§ **Material shown**:
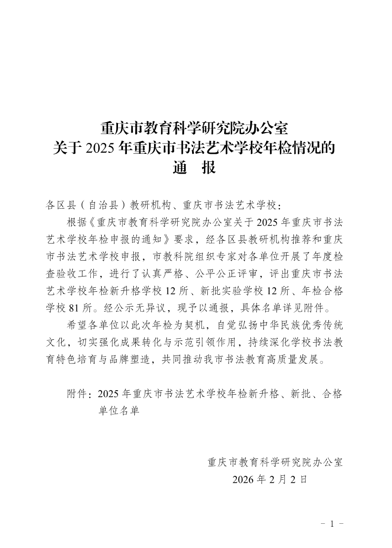 利乐娱乐 办公室关于2025年重庆市书法艺术学校年检情况的通报
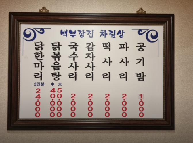 - 대표메뉴 : 닭한마리 - 24,000원 / 닭도리탕(중) - 40,000원
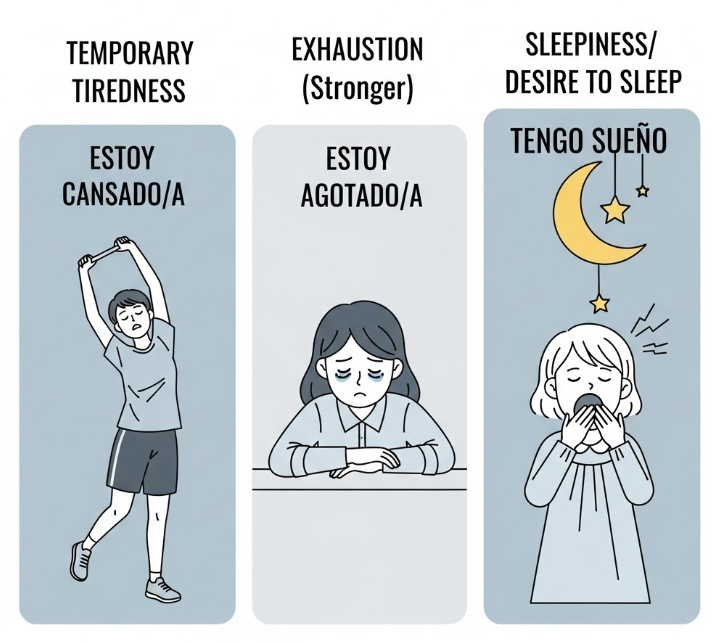 Estar cansado means “to be tired,” indicating a general state of fatigue. Tener sueño means “to be sleepy,” specifically referring to the desire to sleep or feeling drowsy. The former is about overall fatigue, while the latter is about sleepiness.
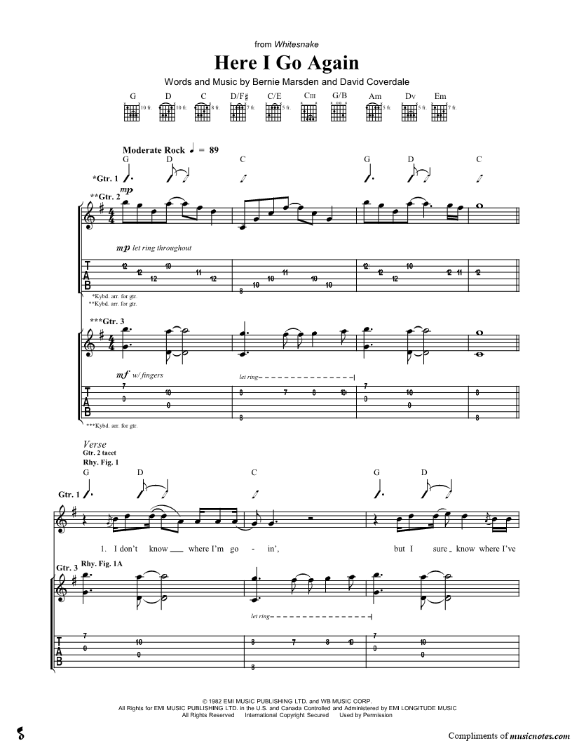 Voice, range: B3-F#6 Guitar 1, range: E3-G7 Guitar 2, range: E3-C6 Guitar 3 Guitar 4 Guitar 5 Guitar 6 Guitar 7 Backup Vocals Strum | |
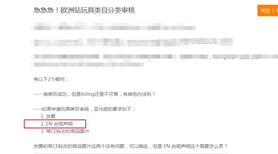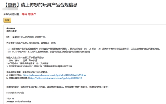 有留意EU跨境圈公众号的卖家应该看过我们公众号发布的《突发!众多大卖收到亚马逊红旗警告,要求“玩具”类目上传CE合规信息》的文章。
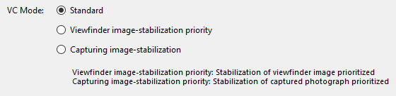 - 标准:产品出厂设置时兼顾取景器影像稳定性和防抖补偿效果的平衡模式。
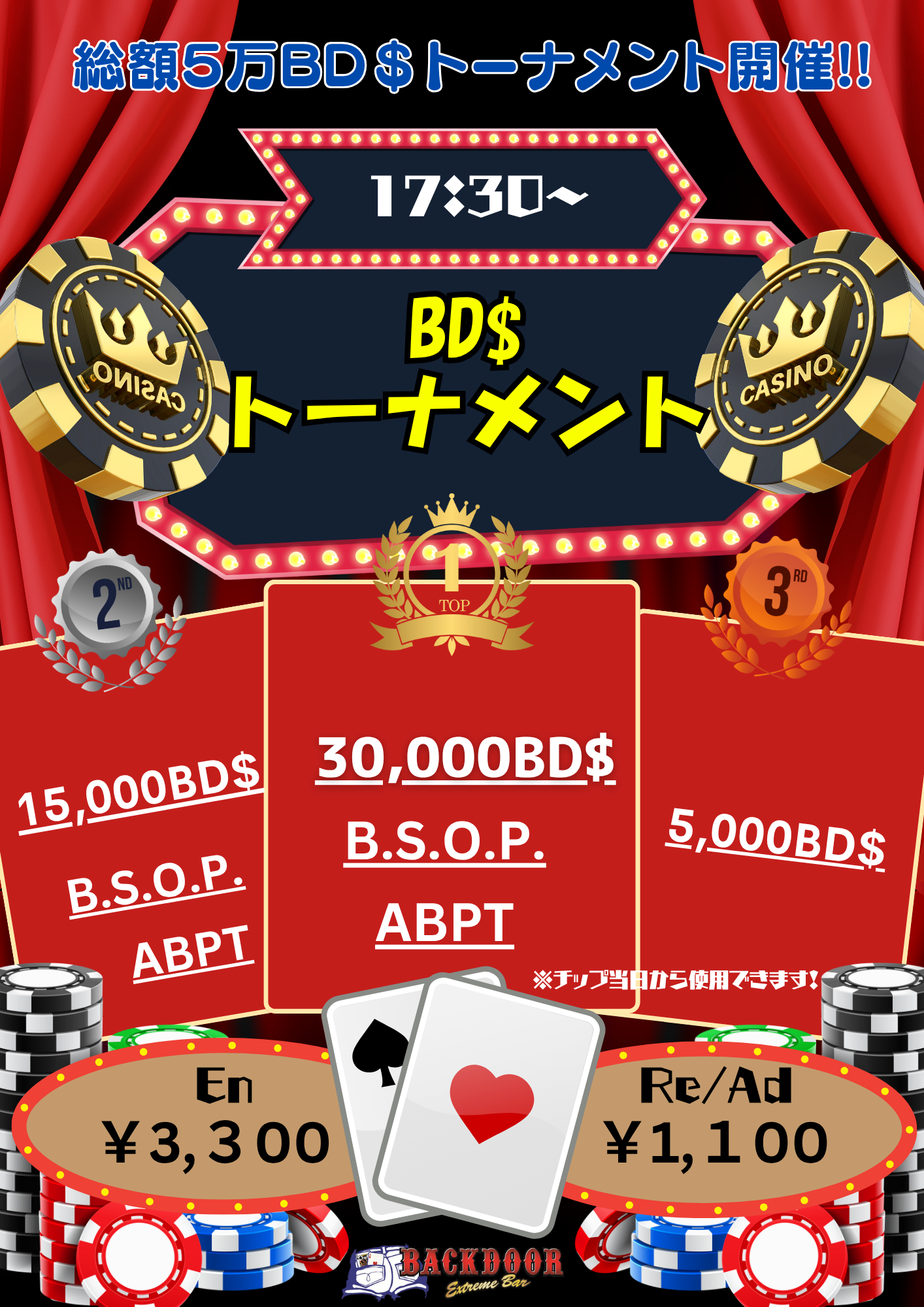 BACKDOOR全店のカジノゲームで利用可能な『ゲームチップ』を進呈♪

§ **Exercise aim**:
Once the pictures are removed, output the entries above exactly as given.

§ **Answer to this problem**:
 利乐娱乐 办公室关于2025年重庆市书法艺术学校年检情况的通报
 - 대표메뉴 : 닭한마리 - 24,000원 / 닭도리탕(중) - 40,000원
 Estar cansado means “to be tired,” indicating a general state of fatigue. Tener sueño means “to be sleepy,” specifically referring to the desire to sleep or feeling drowsy. The former is about overall fatigue, while the latter is about sleepiness.
 Voice, range: B3-F#6 Guitar 1, range: E3-G7 Guitar 2, range: E3-C6 Guitar 3 Guitar 4 Guitar 5 Guitar 6 Guitar 7 Backup Vocals Strum | |
 有留意EU跨境圈公众号的卖家应该看过我们公众号发布的《突发!众多大卖收到亚马逊红旗警告,要求“玩具”类目上传CE合规信息》的文章。
 - 标准:产品出厂设置时兼顾取景器影像稳定性和防抖补偿效果的平衡模式。
 BACKDOOR全店のカジノゲームで利用可能な『ゲームチップ』を進呈♪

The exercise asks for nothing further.